No, we’re not psychic. But we can all learn. At its core, learning is predicting the future based on the past.
When something good or bad unexpectedly happens, you learn what events or cues predict that outcome. Your brain is full of predictive associations. For example, I predict that eating a Godiva truffle will lead to several moments of bliss. I predict that finishing one Godiva truffle will lead me to eat a second Godiva truffle. I predict that eating a second will lead to eating a third, and that eating the whole box will lead to a stomachache. These are things I have learned from experience and help me to predict the future.
Learning relies on noticing a discrepancy between what you expect and what you get. When something happens exactly as you predicted, you don’t need to learn anything new. You can just keep doing what you’ve been doing. But when something happens unexpectedly, that’s when you need to figure out why it happened so you can change your future behavior.

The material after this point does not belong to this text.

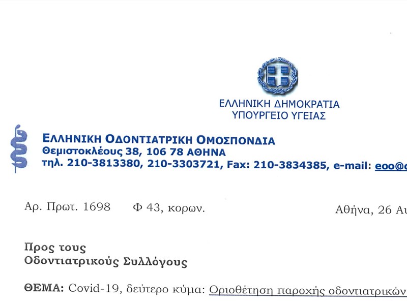 Επικαιροποιημένες οδηγίες προς οδοντιάτρους, εργαζομένους σε οδοντιατρεία και ασθενείς 03 Αυγούστου 2021 Εμφανίσεις: 1451 ΑΡΧΕΙΟ ΣΕ PDF
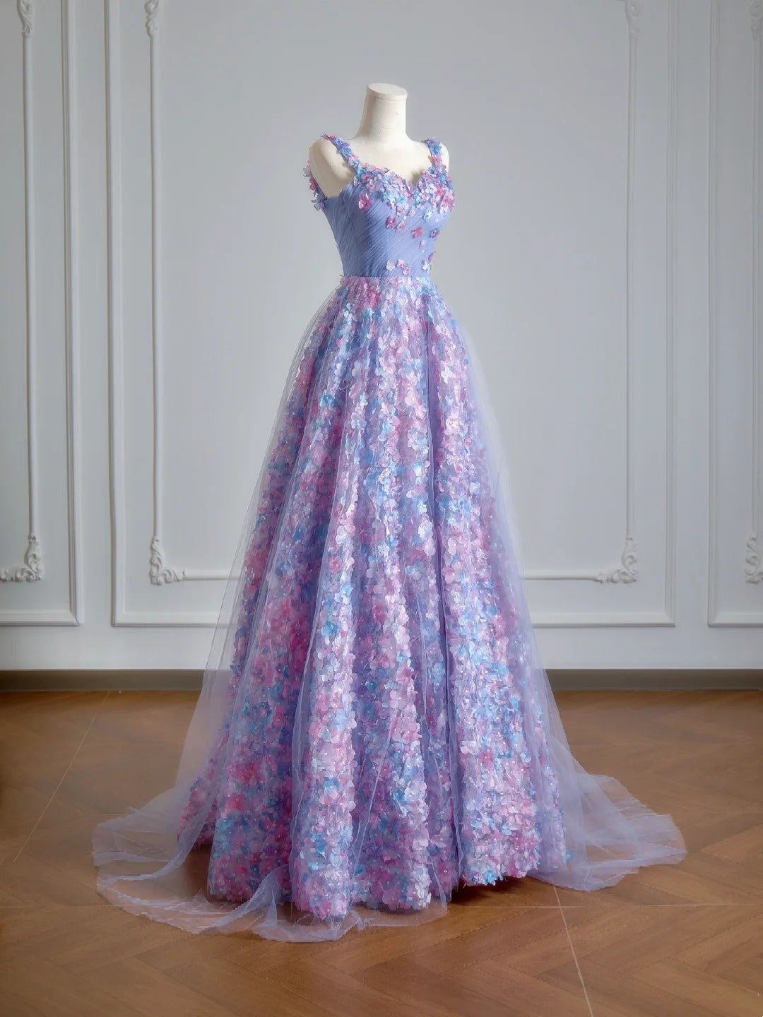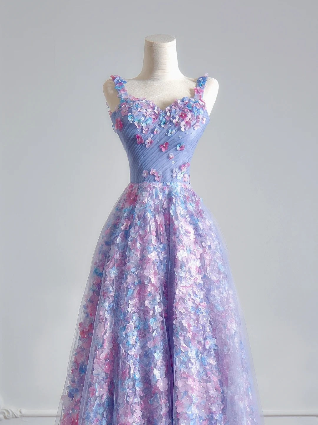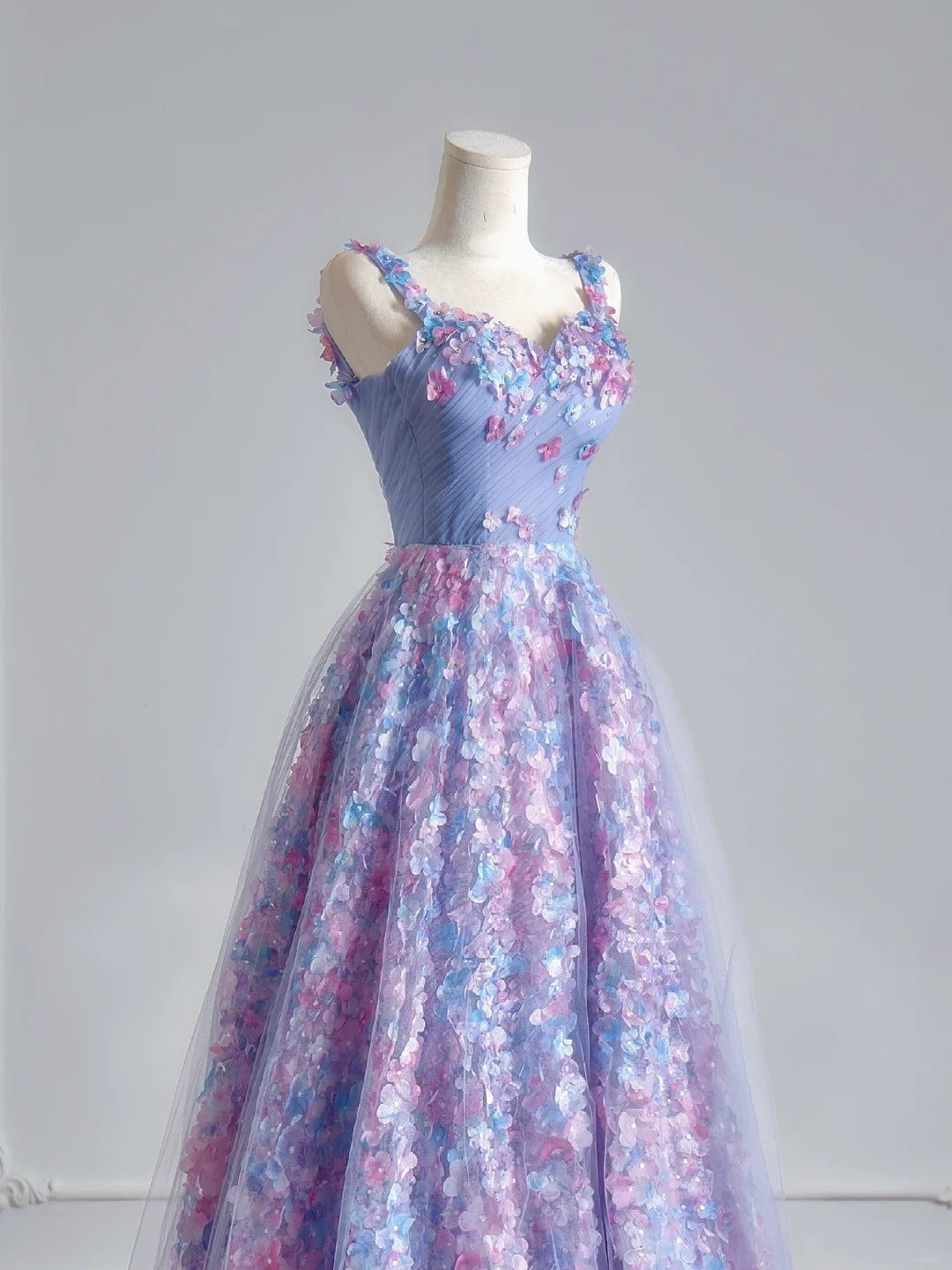Princess A line Spaghetti Straps Lilac Tulle Floral Prom Dresses Long Evening Formal Gown With Scarf Party Gowns HZ0311

How does your brain know when something unexpected happens? This is a more complicated problem that it might seem.
First, your brain needs to know what you’re expecting. For example, I expect that chocolate will taste good. That’s a no-brainer.
Second, your brain needs to know what’s actually happening. Like, whether I’m currently savoring the chocolatey flavor in my mouth or suffering from stomach pains.
Finally, your brain can compare these two things—your expectations vs. real life—to determine whether something unexpected has happened.
Neurons that like to be surprised
So how does your brain actually make this comparison? This is a question that neuroscientists have long pursued.
Studies performed in the 80s and 90s, culminating in a seminal Science paper in 1997,1 identified a cluster of neurons in the brain that seem to compare your expectations with real life: their activity reflects the difference between what you expect and what you get. These neurons release dopamine and reside in a brain region called the ventral tegmental area (VTA), which forms part of the reward system of your brain.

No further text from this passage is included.